Prior to the Reverse Recapitalization, the SPAC Sponsor was the holder of 7,333,333 Class B shares in SPAC (the “SPAC Class B Shares”). Pursuant to the terms of the Plan of Arrangement, the SPAC Class B Shares were exchanged for Xanadu Class B Subordinate Voting Shares. The SPAC Sponsor subjected 1,100,000 Xanadu Class B Subordinate Voting Shares it received in the transactions contemplated by the Reverse Recapitalization, to an earn-out based on the price of the Xanadu Class B Subordinate Voting Shares as follows:

 

Following the Closing, at any time during the period following the Closing and expiring on the fourth anniversary of the Closing Date (the “Vesting Term”),

 

(i)  550,000 of the Earn-Out Shares shall be forfeited by the SPAC Sponsor for no consideration if the share price of Xanadu Class B Subordinate Voting Shares is not at least $12.50 per Xanadu Class B Subordinate Voting Shares for 20 trading days within any 30 consecutive trading day period during the Vesting Term, and

 

(ii) 550,000 additional Earn-Out Shares shall be forfeited by the SPAC Sponsor for no consideration if the share price of Xanadu Class B Subordinate Voting Shares is not at least $15.00 per Xanadu Class B Subordinate Voting Shares for 20 trading days within any 30 consecutive trading day period during the Vesting Term provided.

 

Vesting is not subject to any employment conditions of the holder of the Earn-Out Shares.
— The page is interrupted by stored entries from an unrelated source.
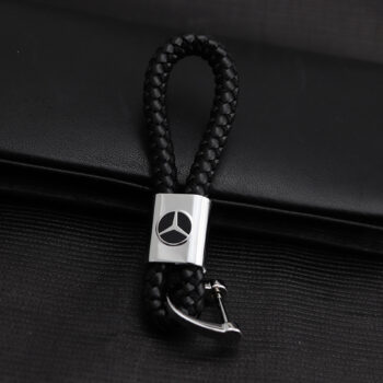 Genuine Leather Car Key Chain with Metal Keyring for Mercedes-Benz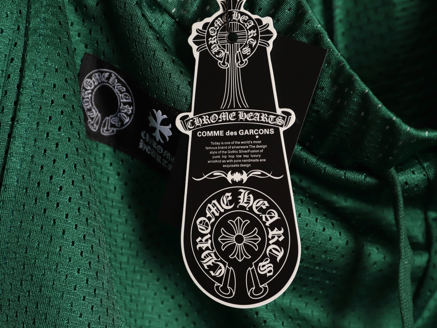 Blending athletic appeal with Chrome Hearts’ signature edge, these shorts are crafted from premium mesh fabric for breathable comfort and unrestricted movement. The elastic waistband ensures a secure, easy fit, while bold detailing adds a distinctive touch.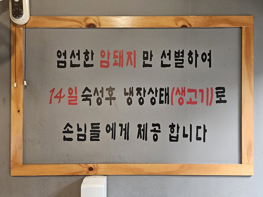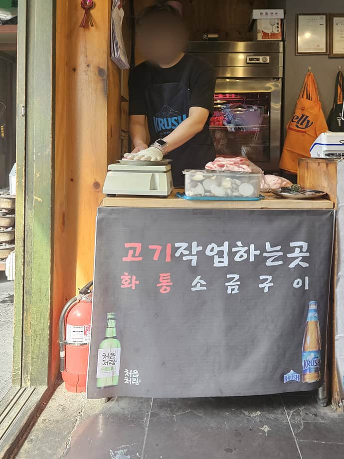 밖에서 고기 굽는 모습도 볼 수 있는데, 불길이 확 타오르며 고기 굽는 모습이 참 인상적이었어요. 매장 입구 들어가면 직접 고기 작업해서 제공해주는 분위기는 믿고 먹을 수 있으면서 맛집 특유의 포근함이 느껴져서 부담 없더라고요.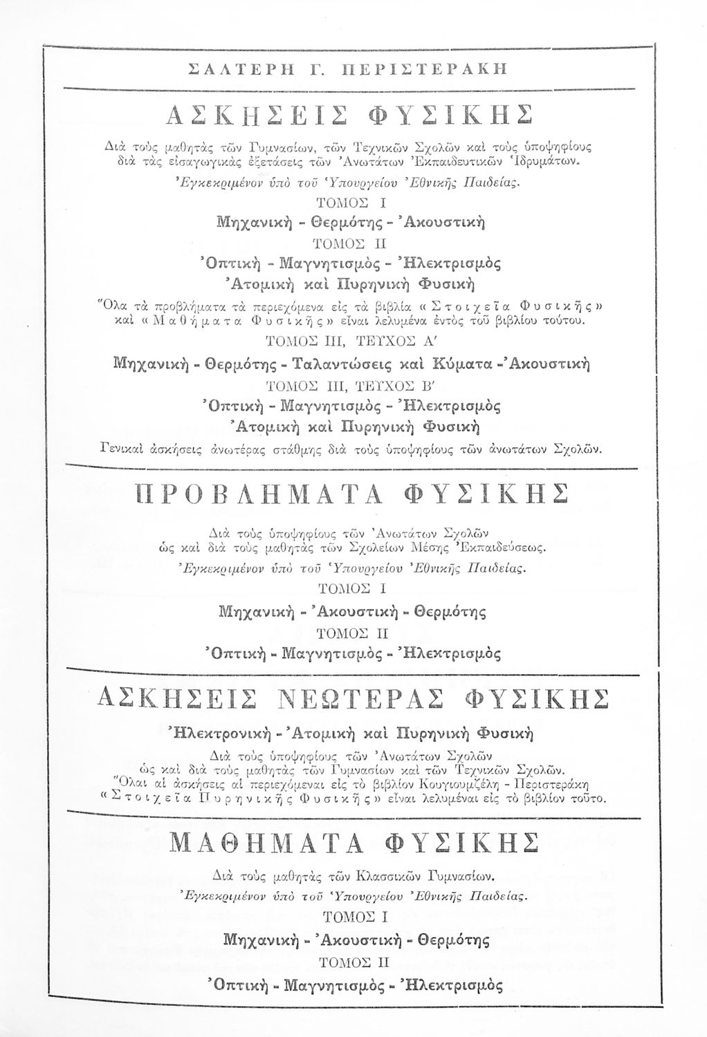 Ασκήσεις φυσικής τόμος πρώτος, μηχανική, θερμότητα, ακουστική, ταλαντώσεις και κύματα προς χρήσιν των μαθητών των Γυμνασίων, των τεχνικών σχολών και των υποψηφίων δια τας εισαγωγικάς εξετάσεις των ανωτάτων εκπαιδευτικών ιδρυμάτων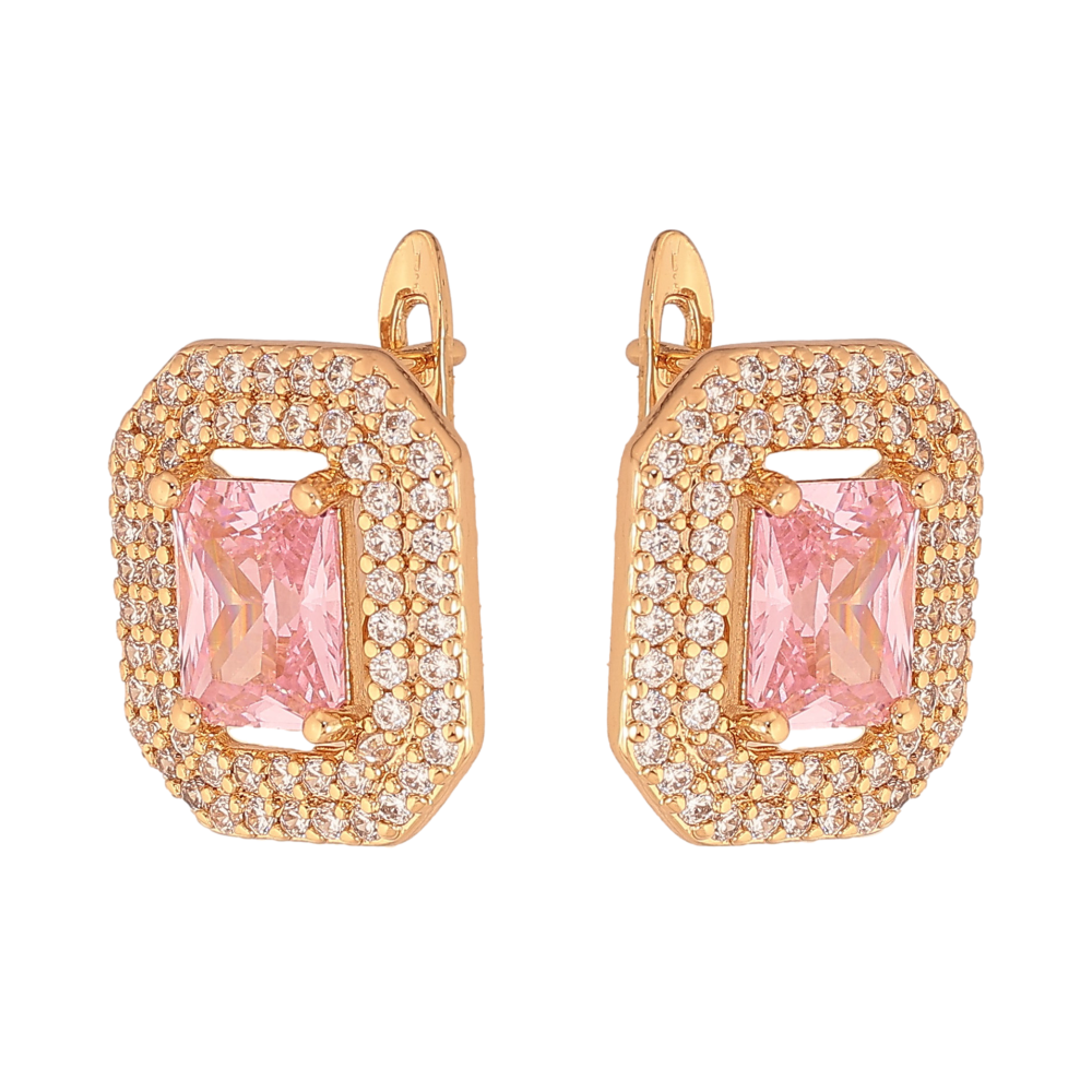 Сережки Xuping колір Позолота 18К англійський замок "Рожеві кристали з інкрустацією"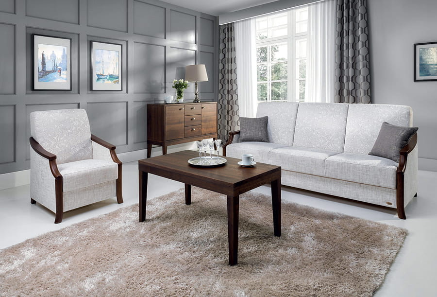 Widoczne tkaniny oraz kolor drewna mają charakter podglądowy i mogą odbiegać od rzeczywistych, wzorniki tkanin i kolorów dostępne są w punktach sprzedaży.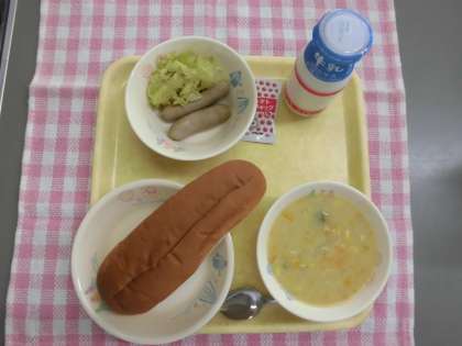 ホットドッグ・牛乳・豆乳コーンポタージュ

However, in the event of (A) a merger, amalgamation, arrangement, consolidation or other business combination involving Xanadu, (B) a sale of all or substantially all of the assets of Xanadu, or (C) any other transaction or series of related transactions as a result of which the holders of Xanadu Class B Subordinate Voting Shares immediately prior to such transaction cease to own at least a majority of the outstanding Xanadu Class B Subordinate Voting Shares or its successor entity, in any case, during the Vesting Term, then, immediately prior to the consummation of such transaction, any and all Earn-Out Shares shall become fully vested and shall no longer be subject to forfeiture under the Reverse Recapitalization Agreement and sponsor letter agreement entered into on November 3, 2025 between the SPAC Sponsor, SPAC, Old Xanadu and Xanadu.

 

The Earn-out Shares are classified as liabilities in our consolidated balance sheet as of March 31, 2026 and are re-measured at fair value each period-end through to settlement.

 

As of the closing of the Reverse Recapitalization, the Earn-out Shares had a fair value of $9,997. As of March 31, 2026, the Earn-out Shares had a fair value of $7,164, with the changes in the fair value between the Closing Date and March 31, 2026 of $2,833 recognized as a gain on fair value of earn-out liabilities within the consolidated statements of operations and comprehensive loss. Additionally, the Company incurred $1,264 in costs related to the issuance of the Earn-out Shares, which was recorded to general and administrative operating expenses on the consolidated statement of operations and comprehensive loss. See Note 11 for additional information.

 

As of March 31, 2026, none of the triggering events have occurred; however, on May 11, 2026, certain triggering events were achieved, resulting in the vesting of 550,000 shares. Refer to Note 18 for additional information.